*** Block opens ***
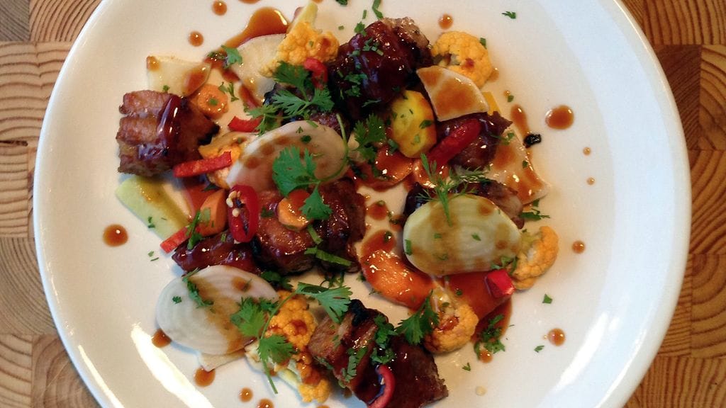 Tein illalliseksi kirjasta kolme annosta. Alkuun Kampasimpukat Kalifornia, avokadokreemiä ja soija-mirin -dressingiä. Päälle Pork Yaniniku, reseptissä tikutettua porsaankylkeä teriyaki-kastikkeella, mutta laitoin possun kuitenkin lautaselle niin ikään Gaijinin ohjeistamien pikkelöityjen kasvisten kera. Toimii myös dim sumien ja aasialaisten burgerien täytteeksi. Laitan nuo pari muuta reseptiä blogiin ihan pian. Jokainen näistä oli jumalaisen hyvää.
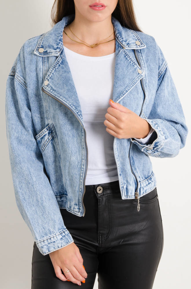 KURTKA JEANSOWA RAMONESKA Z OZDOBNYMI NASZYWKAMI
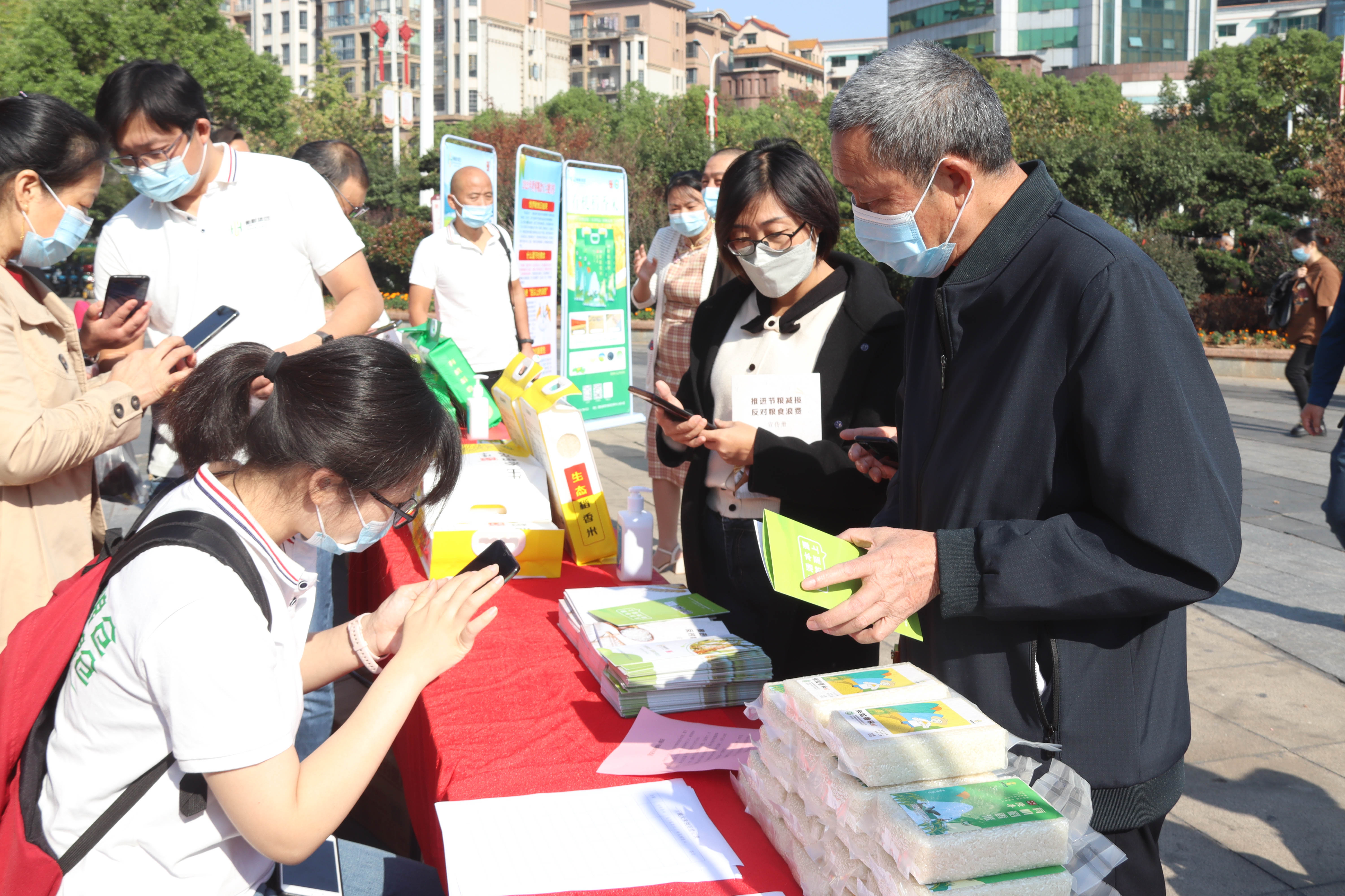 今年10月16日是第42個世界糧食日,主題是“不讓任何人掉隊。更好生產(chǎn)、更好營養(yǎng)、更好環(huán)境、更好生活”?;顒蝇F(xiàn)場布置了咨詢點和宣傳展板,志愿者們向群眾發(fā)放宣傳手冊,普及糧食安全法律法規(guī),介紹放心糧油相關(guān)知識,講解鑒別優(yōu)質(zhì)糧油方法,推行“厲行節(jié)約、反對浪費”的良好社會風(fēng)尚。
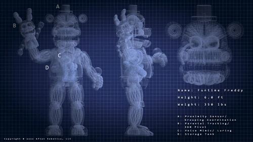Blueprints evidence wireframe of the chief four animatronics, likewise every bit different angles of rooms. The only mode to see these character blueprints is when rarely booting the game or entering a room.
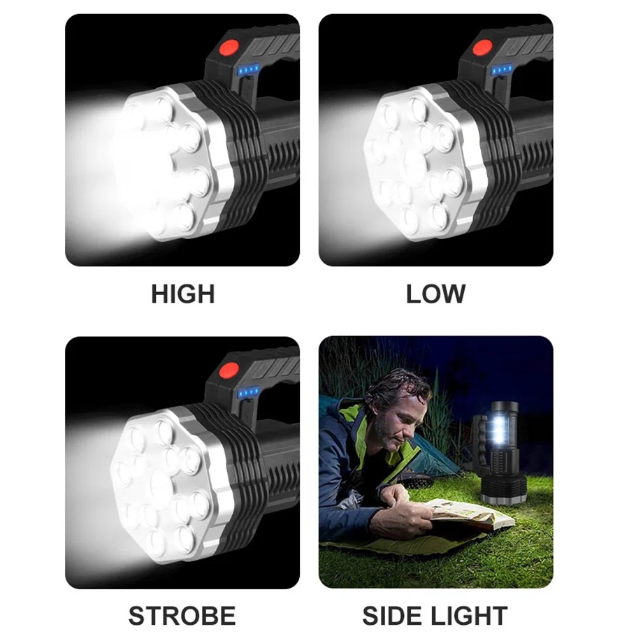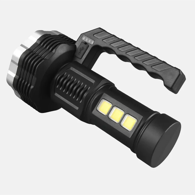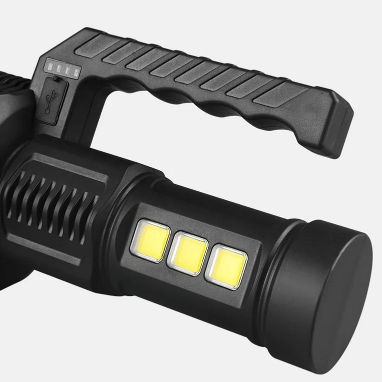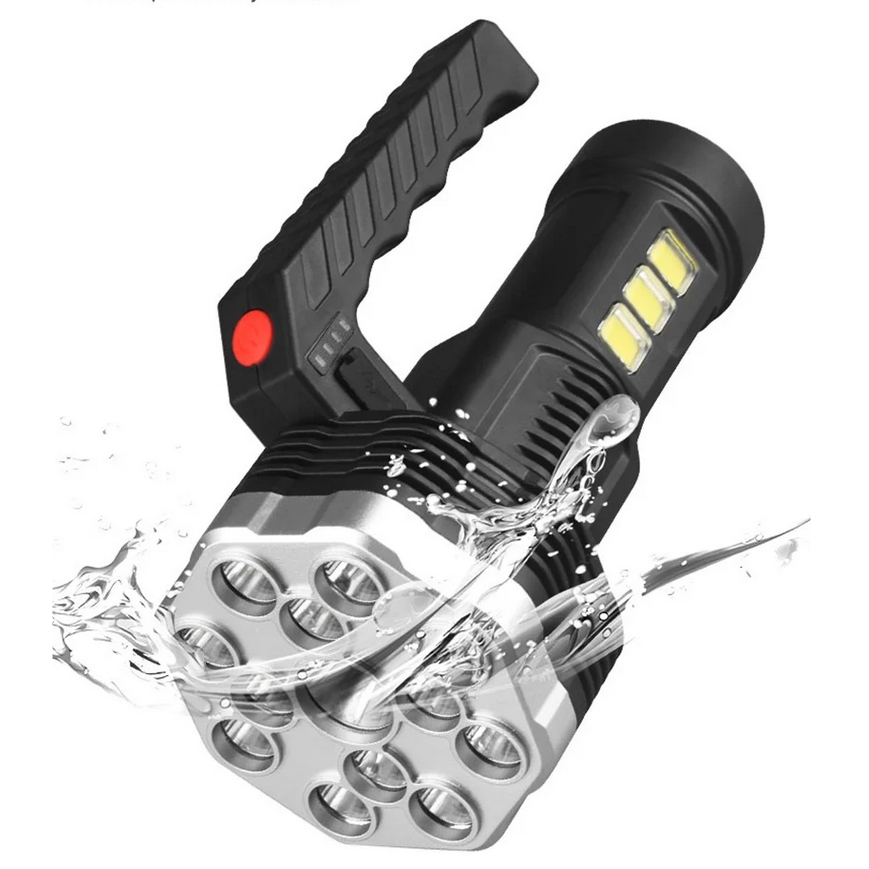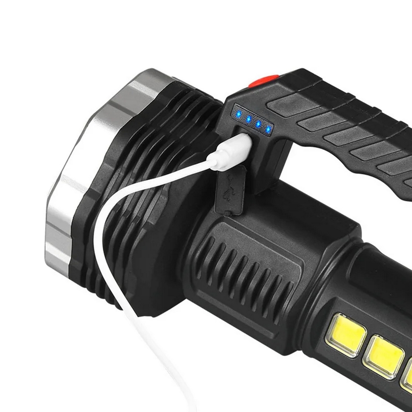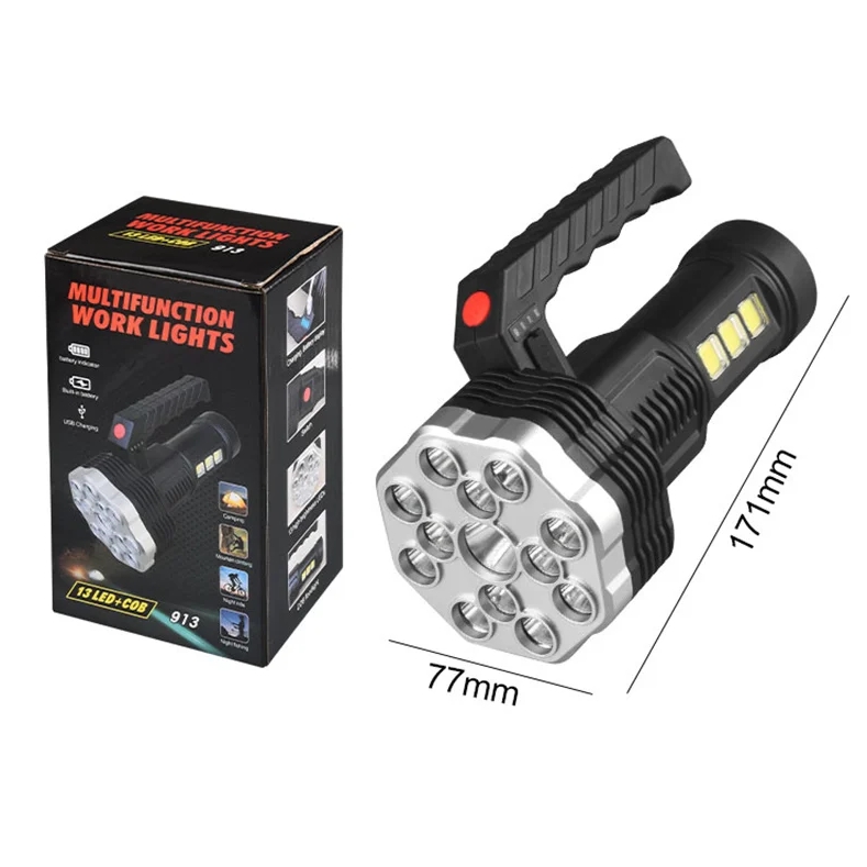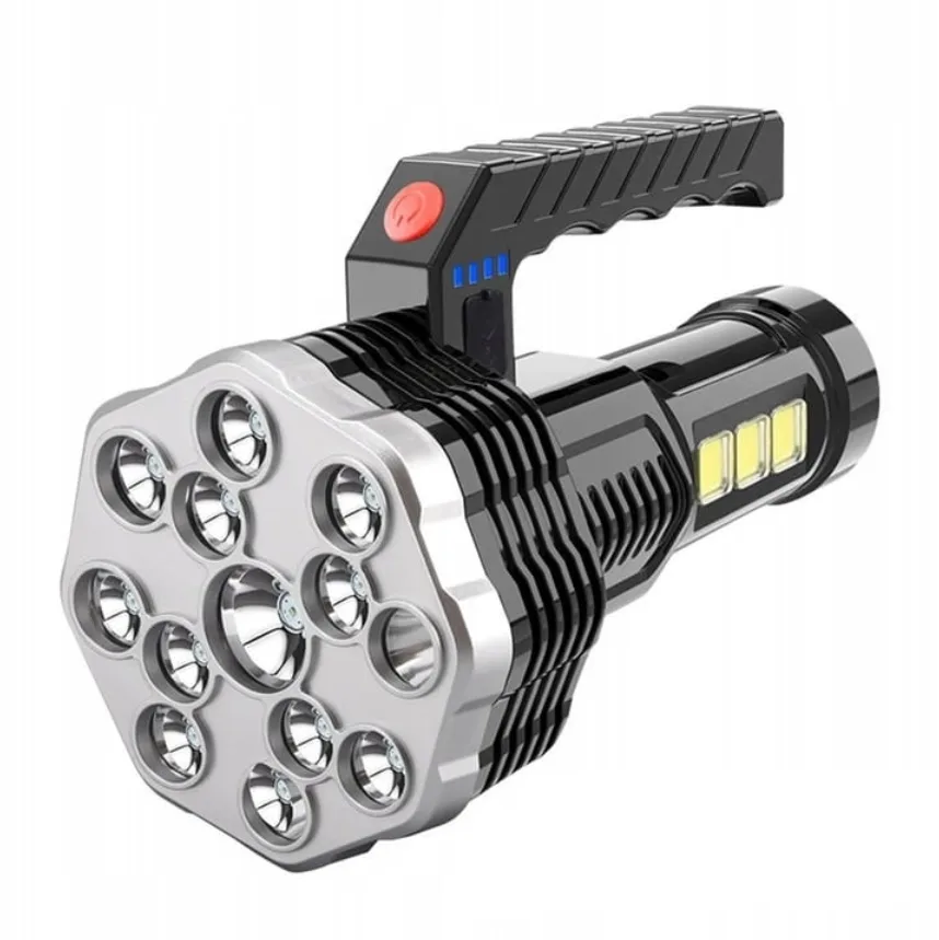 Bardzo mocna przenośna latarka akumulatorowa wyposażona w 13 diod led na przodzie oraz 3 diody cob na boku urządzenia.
*** Block closes ***
What to do. What you return must match the records letter for letter, except that the pictures stay out.

Output for this exercise.
 Tein illalliseksi kirjasta kolme annosta. Alkuun Kampasimpukat Kalifornia, avokadokreemiä ja soija-mirin -dressingiä. Päälle Pork Yaniniku, reseptissä tikutettua porsaankylkeä teriyaki-kastikkeella, mutta laitoin possun kuitenkin lautaselle niin ikään Gaijinin ohjeistamien pikkelöityjen kasvisten kera. Toimii myös dim sumien ja aasialaisten burgerien täytteeksi. Laitan nuo pari muuta reseptiä blogiin ihan pian. Jokainen näistä oli jumalaisen hyvää.
 KURTKA JEANSOWA RAMONESKA Z OZDOBNYMI NASZYWKAMI
 今年10月16日是第42個世界糧食日,主題是“不讓任何人掉隊。更好生產(chǎn)、更好營養(yǎng)、更好環(huán)境、更好生活”?;顒蝇F(xiàn)場布置了咨詢點和宣傳展板,志愿者們向群眾發(fā)放宣傳手冊,普及糧食安全法律法規(guī),介紹放心糧油相關(guān)知識,講解鑒別優(yōu)質(zhì)糧油方法,推行“厲行節(jié)約、反對浪費”的良好社會風(fēng)尚。
Blueprints evidence wireframe of the chief four animatronics, likewise every bit different angles of rooms. The only mode to see these character blueprints is when rarely booting the game or entering a room.
 Bardzo mocna przenośna latarka akumulatorowa wyposażona w 13 diod led na przodzie oraz 3 diody cob na boku urządzenia.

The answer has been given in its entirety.